Is this developer surveillance?
No. Agent provenance is a risk-management signal for the codebase, not a per-developer productivity ledger. It reads commits, it does not watch people. The unit of analysis is the file and the agent, not the engineer's hour. We deliberately frame it that way: the question is which AI-written code is risky, not who typed fastest. It does not measure output per person, and it should never be used to.
Does it work on our existing history?
Yes, retroactively. Because attribution is computed from git history rather than live instrumentation, repowise can analyze the code AI already wrote, all the way back through your existing commits. You do not have to install anything and wait for new data to accumulate. The AI-code footprint is visible on day one.
Do you need IDE plugins or agents installed on developer machines?
No. Zero IDE plugins are required. Faros and Jellyfish-style platforms need org-wide IDE instrumentation rolled out to every engineer before they have data. repowise needs nothing on developer machines because it derives everything from the repository, which means it works across contractors, past contributors, and repos you did not instrument.

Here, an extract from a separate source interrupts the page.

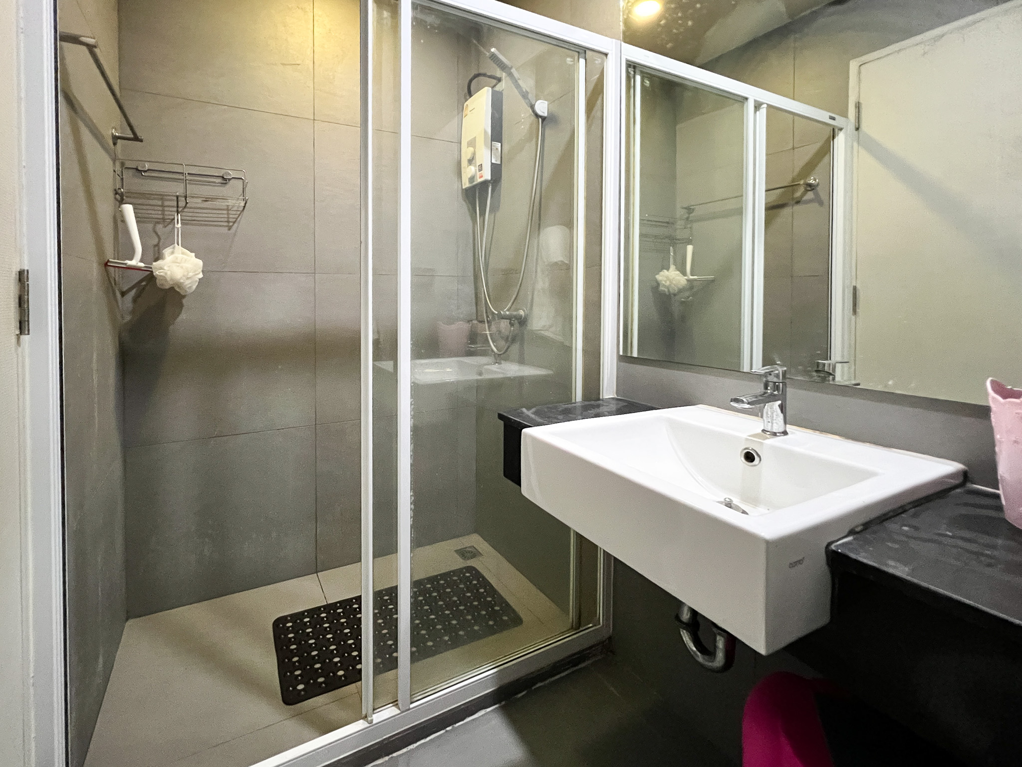 - ห้องน้ำกั้นโซนเปียกแห้งให้เรียบร้อย พร้อมเครื่องทำน้ำอุ่น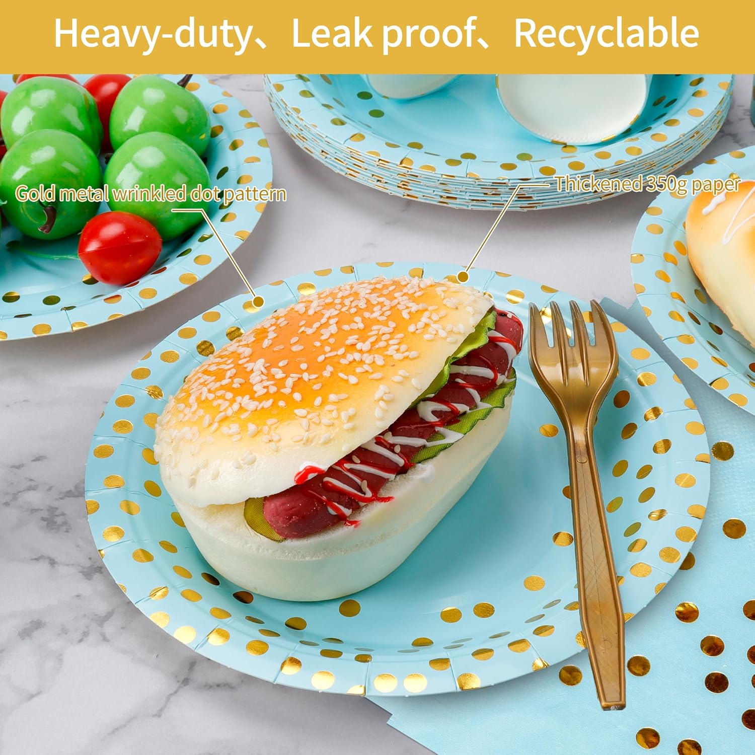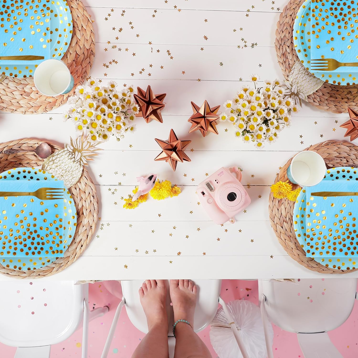 - Blue Birthday Plates Gold Foil Dot Design: Our Gold Dot Party Paper Plates And Napkins Are Decorated With Gold Dots. It Increases The Dining Atmosphere While Being Very Stylish And Beautiful, The Colors Are Gorgeous And Attractive, Adding A Touch Of Charm

How accurate is the attribution?
It is a directional risk signal, tied to the defect-validated health score and ownership, not a precise per-developer productivity ledger. Attribution is inferred from git history, so it is strongest where agents and tooling leave clear commit signatures and weaker where authorship is obscured by squashes or rewrites. The value is in the fusion: AI-written code that is also a low-health hotspot owned by a single person is the code most likely to bite, and that ranking holds up even when any single attribution is approximate.
What is the AI-debt radar?
It is the fusion nobody else has: AI-written code that is also a low-health hotspot owned by a single person. Provenance on its own is a vanity metric. The radar intersects three signals already in repowise, AI authorship, the 1 to 10 defect-validated health score, and bus-factor ownership, to rank the AI-generated code most likely to cause an incident. That intersection is the actual risk surface, not the raw percentage of AI code.
How is this different from GitClear?
GitClear publishes industry research on AI-code trends, but it does not attribute code to the specific agents in your repo or fuse that with a defect-validated health score and bus factor. git-ai-style line attribution only works going forward, from the moment you install it. Faros and Jellyfish need org-wide IDE instrumentation and heavy contracts. repowise reads your existing history, attributes commits to agents, and ties AI authorship to health and ownership, today.
Why does AI-written code need its own risk lens?
Industry-wide, roughly 42% of code is AI-written in 2026, and studies report roughly 1.7x more issues in AI-generated code than human code. A growing share of your codebase is being produced by agents that do not carry the context a long-tenured engineer would. When that code also lands in a low-health file owned by one person, the usual safety nets, review familiarity and shared ownership, are thinnest exactly where the risk is highest. The radar surfaces that intersection before it ships an incident.